I don't takes medications for depression. I've found some treatments within my control that work well. For me, a good analogy is a to treat it as someone else might treat a propensity for type 2 diabetes. Prevention is key. I know that if I don't take care of myself, I will go into a big black place and need to take medication, but if I do the things that work for me, I can keep healthy.

Everyone has activities/people that fill them up emotionally as well as things that drain them. And we all empty and fill at different rates - unfortunately some of us empty faster than others. To keep myself from emptying quite so quickly, here are some things I use:

Exercise. This, for me, is the biggest factor. I beat this drum a lot. Everyone benefits from moving - in many ways. 'Nuff said.

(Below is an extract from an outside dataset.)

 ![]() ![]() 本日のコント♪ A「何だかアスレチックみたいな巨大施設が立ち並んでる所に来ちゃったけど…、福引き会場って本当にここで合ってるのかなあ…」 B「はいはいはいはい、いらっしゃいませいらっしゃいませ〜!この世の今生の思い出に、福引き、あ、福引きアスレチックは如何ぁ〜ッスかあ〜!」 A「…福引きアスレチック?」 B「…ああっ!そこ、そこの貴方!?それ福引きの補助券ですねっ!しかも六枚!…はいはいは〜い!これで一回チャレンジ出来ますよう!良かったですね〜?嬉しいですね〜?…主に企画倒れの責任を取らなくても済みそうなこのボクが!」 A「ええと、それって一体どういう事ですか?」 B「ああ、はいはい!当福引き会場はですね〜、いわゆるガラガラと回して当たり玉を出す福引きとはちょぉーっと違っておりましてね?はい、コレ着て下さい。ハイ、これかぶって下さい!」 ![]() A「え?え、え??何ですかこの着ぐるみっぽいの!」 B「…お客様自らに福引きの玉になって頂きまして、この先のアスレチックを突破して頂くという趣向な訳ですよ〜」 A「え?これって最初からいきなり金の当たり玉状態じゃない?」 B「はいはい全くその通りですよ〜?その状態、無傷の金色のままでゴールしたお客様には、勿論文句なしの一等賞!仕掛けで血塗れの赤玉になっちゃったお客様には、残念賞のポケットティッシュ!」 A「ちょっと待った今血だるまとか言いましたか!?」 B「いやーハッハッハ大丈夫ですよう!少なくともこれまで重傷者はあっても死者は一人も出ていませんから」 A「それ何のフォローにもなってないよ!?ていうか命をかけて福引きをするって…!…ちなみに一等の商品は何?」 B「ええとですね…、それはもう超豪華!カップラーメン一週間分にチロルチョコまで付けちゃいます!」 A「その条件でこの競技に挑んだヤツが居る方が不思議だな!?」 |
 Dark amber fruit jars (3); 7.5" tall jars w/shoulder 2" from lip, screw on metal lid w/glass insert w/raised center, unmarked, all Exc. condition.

Healthy relationships - also a biggie. I have friends who have know me since I was born: that's a long time. Unfortunately, a side effect of being nomadic means that I've dropped out of their orbit. I'm like a comet now - I zoom by sporadically - which is not conducive for building community or mutually supportive relationships. I haven't given up on those foundational relationships, but I want to put more into them for the long term. Additionally I want to invest in the friendships I have near me. As adults it is harder to make new friends, (than, say, in the dorms at college) but not impossible.

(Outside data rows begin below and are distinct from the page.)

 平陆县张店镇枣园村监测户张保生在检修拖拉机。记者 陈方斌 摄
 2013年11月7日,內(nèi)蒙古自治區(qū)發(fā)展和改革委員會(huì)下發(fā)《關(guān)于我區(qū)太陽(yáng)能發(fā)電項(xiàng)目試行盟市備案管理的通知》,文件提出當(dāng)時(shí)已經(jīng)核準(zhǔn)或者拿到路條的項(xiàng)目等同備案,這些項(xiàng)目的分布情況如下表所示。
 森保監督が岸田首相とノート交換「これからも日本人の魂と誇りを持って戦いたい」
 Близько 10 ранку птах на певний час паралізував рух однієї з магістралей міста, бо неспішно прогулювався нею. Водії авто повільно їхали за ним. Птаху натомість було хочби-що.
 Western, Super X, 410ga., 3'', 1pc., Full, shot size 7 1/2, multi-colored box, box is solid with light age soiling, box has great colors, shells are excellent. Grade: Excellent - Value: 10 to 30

Spiritual practice - spending time with God. I'm obsessive about running by myself in part because it's on of the few times that I have alone to talk to God. Doing 5 minutes (10, 15, whatever) of meditation has never worked for me. But praying and running: that works. (Which means it's a double whammy when I don't exercise)

Productivity - even small things - like hanging a picture I've wanted to get up - help immensely. While it can take a huge effort to get it together to do it, the satisfaction of finishing one thing rebounds me into others and builds on itself.

I'm also a believer in Cognitive Behavioral Therapy. Basically this theory is that your thoughts form your mood. When you change your thought patterns you can change your depressive cycle. That said, depression, with its lack of self worth and low energy, is a challenging place from which to start developing new thought patterns. But it is a helpful strategy for me.

Light - Seasonal Affective Disorder is a real thing, and winters are hard. Get a full-spectrum light, get somewhere sunny once a winter, play outside every time the sun is shining - all those things.

There's no magic bullet for curing the common cold, nor depression. But my hope is that other people who struggle with it will find their right mix to get and stay healthy. And I want to be a support for those people in my life who need it.

Sunday, April 3, 2011

These are quality problems

Yesterday morning, I was up at the crack of dawn to run 10 miles with my running partner. I don't normally function at that hour, but 6:30 was when she could fit a run in, so 6:30 it was. When the alarm went off Murray asked if I wanted a Dr.'s note excusing myself, which made me laugh enough to get out of bed.

Greg, my mom's husband, has a quote: "These are Quality Problems." I'm alive, strong enough to get up and run, have put in the work to run 10 miles, have a great running partner who is willing to slow down to my pace and I have a hot shower waiting for me back at the house. My aching muscles, gasping lungs and all-over misery - these are quality problems. I should be so lucky to feel my muscles, work my lungs and pad slowly down the beautiful country roads.

I hope you have some quality problems too.